As a final note, the September 26, 2000 order to suspend payment of benefits, which is distinct from the deemed denial of the employer's supersedeas request, was a final, appealable order.
We contacted an assistant to the WCJ who issued the order to determine the current status of B~'s claim and he indicated that B~ appealed the granting of the suspension to the Workers' Compensation Appeal Board. This information is significant in that now there is a possibility that the September 26, 2000 order suspending benefits could be overturned, resulting in a reinstatement of B~'s benefits. If that occurs at some time in the future and the employer is required to pay a lump sum of back due benefits, the social security offset provision would apply to that lump sum and, of course, to any ongoing benefits from that point.
CONCLUSION
Congress' intent in including an offset provision in the Social Security Act was to prevent individuals from receiving double benefits, such that their income would exceed that which they earned when they were gainfully employed.

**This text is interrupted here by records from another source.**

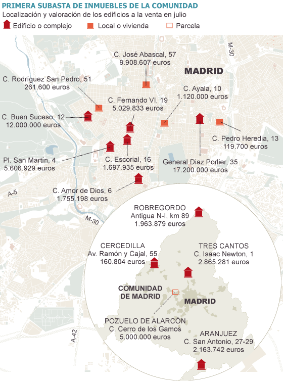 La Comunidad de Madrid planea poner a la venta de aquí a seis meses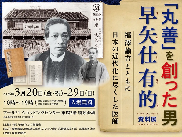 丸善ジュンク堂書店は、丸善の創業者である早矢仕有的(はやし・ゆうてき、1837-1901)の没後125周年に際し、3月20日(金)~29日(日)の期間、岐阜市の商業施設「マーサ21 ショッピングセンター」東館2階特設会場にて「『丸善』を創った男早矢仕有的資料展」を開催する。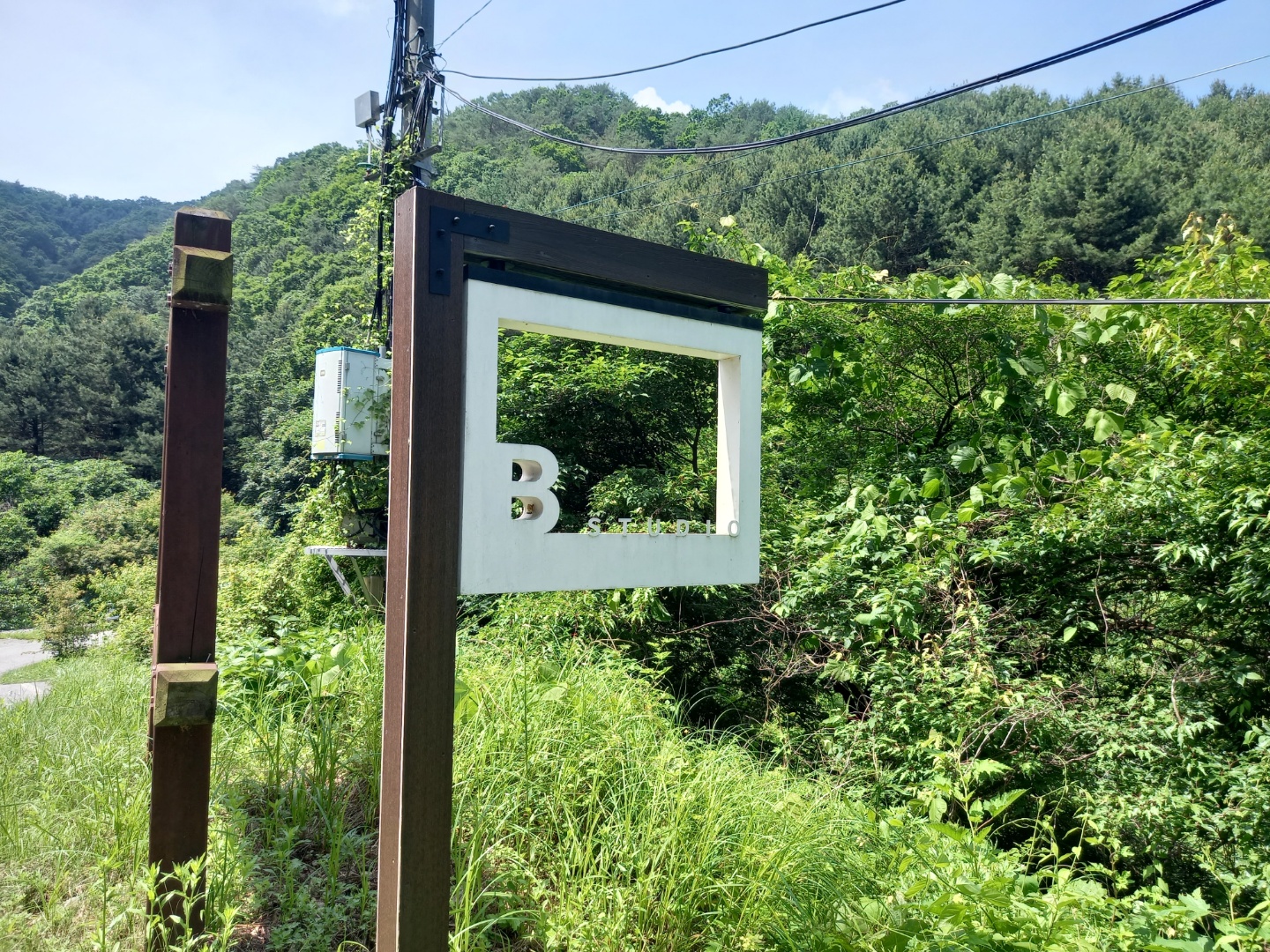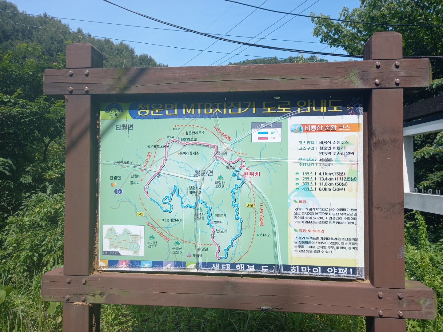 되돌아 나와서 5분정도 지나니 삼거리가 나왔다. 근처에 주차를 하고 오른쪽 도로로 갔다. 오른쪽 넓은 도로는 청운면을 한바퀴 도는 곳이다. 자전거를 잘 타는 사람들은 청운면을 한 바퀴 돌면 좋을 것이다. 자동차로라도 가보면 좋겠다. 그 길을 벗어나 우측으로 장수마을이라는 푯말과 비스투디오 간판이 있어서 볼거리가 있을 것 같았다. 등산로 안내판이 있어서 등산을 좋아하거나 한다면 유용한 안내판이다.

Therefore, the offset in the instant matter should be removed in October 2000, which is the earliest month that workers' compensation payments ended, or stated alternatively, when B~ ceased receiving benefits. While B~ did receive a workers' compensation payment for the period 10/2/00 through 10/16/00, such that there is the potential for her to receive both workers' compensation and DIB for the first half of October, we will defer the issue of the exact date in October 2000 for of the removal of the offset to your program expertise. Further, as explained above, "supersedeas" has no bearing on the date of removal of offset in this matter.
In closing, because of the potential that B~'s benefits could be retroactively reinstated should she succeed in her appeal, the status of her workers' compensation benefits should be monitored on a regular basis. According to POMS DI 52150.025, until this matter is verified as closed and final, it should be diaried for six months, and thereafter, to check the status of B~'s appeal. In this regard, it would be helpful to keep the telephone number of the adjuster at the Fireman's Fund Insurance Company in B~'s file, as she would know the employer's payout status at all times. Additionally, should this memorandum be used as a reference in other workers' compensation offset matters, we note, as a reminder, that it pertains to workers' compensation law in Pennsylvania only.
Footnotes:
Under the PAWC Act, work-related injuries are separated into three statutory classifications depending on the type of injury: total disabilities are governed by section 306(a); partial disabilities are governed by section 306(b); and disabilities resulting from permanent injuries, including permanent disfigurement and the loss of a body part, are governed by section 306(c). 77 P.S. §§ 511, 512, 513.